The forecast for inflation-adjusted investment in equipment is for growth of 6.1 percent in 2015, 9.6 percent in 2016 and 6.1 percent in 2017. Capital equipment spending in high-tech sectors will also rise. Inflation-adjusted expenditures for information processing equipment are anticipated to increase by 7.7 percent in 2015, a robust 13 percent in 2016 and 8.3 percent in 2017. The MAPI Foundation expects industrial equipment expenditures to advance 5.2 percent in 2015, 13.1 percent in 2016 and 8.5 percent in 2017. Spending on transportation equipment is forecast to increase 7.3 percent in 2015 and 0.8 percent in 2016, but remain flat in 2017.

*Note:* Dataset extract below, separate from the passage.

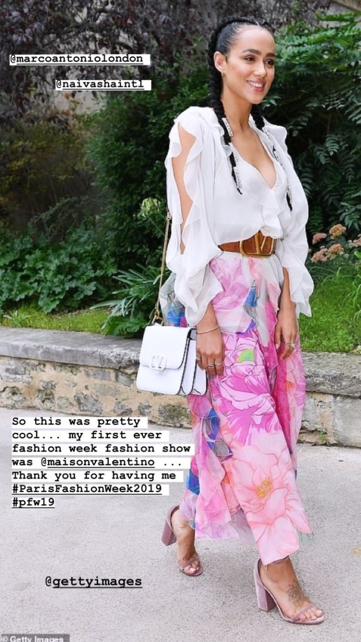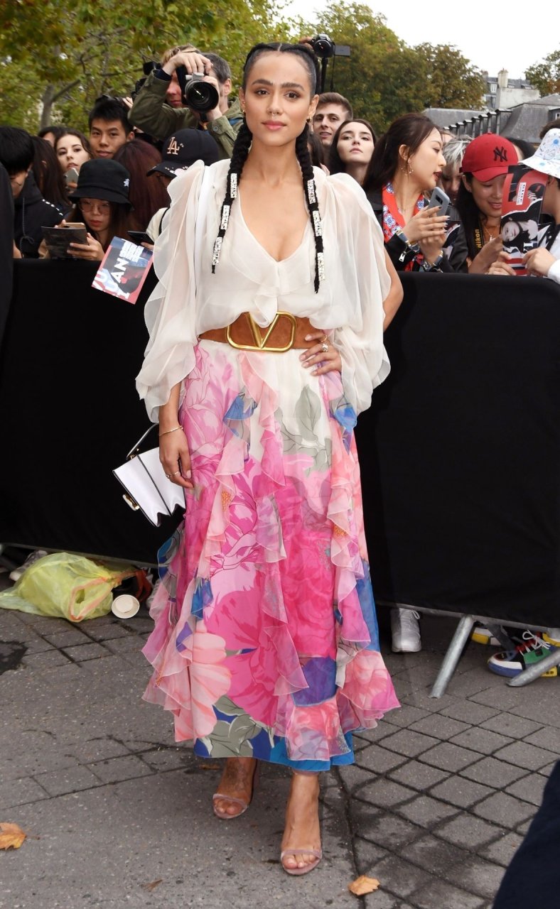 La actriz Nathalie Emmanuel llega al desfile de Valentino Womenswear Primavera/Verano 2020 como parte de la Semana de la Moda de París, 29/09/2019.

Spending on nonresidential structures is anticipated to decrease by 6.6 percent in 2015 before rebounding to growth of 3.9 percent in 2016 and 7.9 percent in 2017. Residential fixed investment is forecast to increase 7.4 percent in 2015, 12.7 percent in 2016 and 9.2 percent in 2017. Meckstroth anticipates nearly 1.1 million housing starts in 2015, 1.3 million in 2016 and 1.5 million in 2017.

A strong dollar continues to be a challenge; Meckstroth expects trade will be a net drag on the U.S. economy over the next few years. Inflation-adjusted exports are anticipated to increase only 1.5 percent in 2015, 4.5 percent in 2016 and 4.3 percent in 2017. Meanwhile, imports are expected to grow 5.5 percent in 2015, 8.1 percent in 2016 and 6 percent in 2017. The MAPI Foundation forecasts overall unemployment to average 5.4 percent in 2015, 5 percent in 2016 and 4.9 percent in 2017.

The manufacturing sector added 210,000 jobs in 2014. The outlook is for an increase of 180,000 jobs in 2015, a drop from 282,000 anticipated in the February report. Meckstroth envisions only 33,000 manufacturing jobs to be added in 2016, a significant decrease from 162,000 in the previous forecast. He anticipates modest growth of 30,000 jobs in 2017.

The refiners’ acquisition cost per barrel of imported crude oil is expected to average $53.80 in 2015, $61.70 in 2016 and $67.50 in 2017.